To resync/add a new slave - add a directory in the incoming tree (as your scripts are smart about this and look at what directories are in the incoming tree) and rsync the data across!

What's extra tricky dicky is to serve the images directly off these machines - i.e. run an unlta-light web server! This way your application (running in, for example PHP) runs on one box just generating URLs to another - load balancing!

You've given a good example

You've given a good example of a case where storing images in the database makes sense. Images and video can also benefit from the database advantages like replication for spreading the load. Yes, people do store video, in chunks, in MySQL databases.

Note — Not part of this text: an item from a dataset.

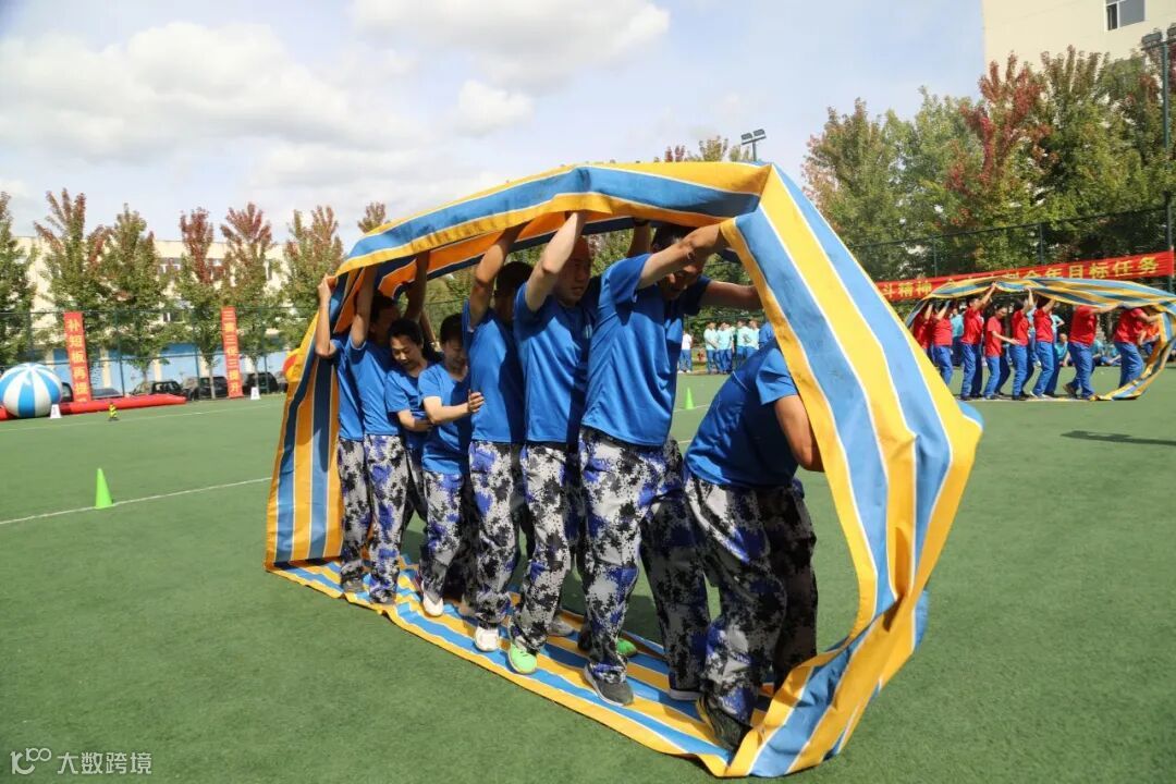 8名队员进入条幅道具,他们各自分工,全力以赴通过50米跑道。

What you might do is store in a metadata table an object location. You can then specify that location in many ways, one of them being in a particular set of database servers, another being in the filesystem. Then you have the flexibility to do things like have a size or other threshold above which you use the filesystem, as well as a migration strategy, since you can start with them all pointing to the filesystem and migrate them over time.

If you use thumbnails I suggest putting them in a different table from the full size images and both different form the metadata. That is likely to help cache efficiency, since the thumbnails are likely to be far more frequently accessed.

Wikipedia doesn't (yet) store images in the database but it does use this object approach to store text records first uncompressed alone, then compressed combining many together for higher compression, and finally into sets of databases running on regular web servers. Effectively, hierarchical storage.

You should also investigate the MogileFS system developed for use by LiveJournal.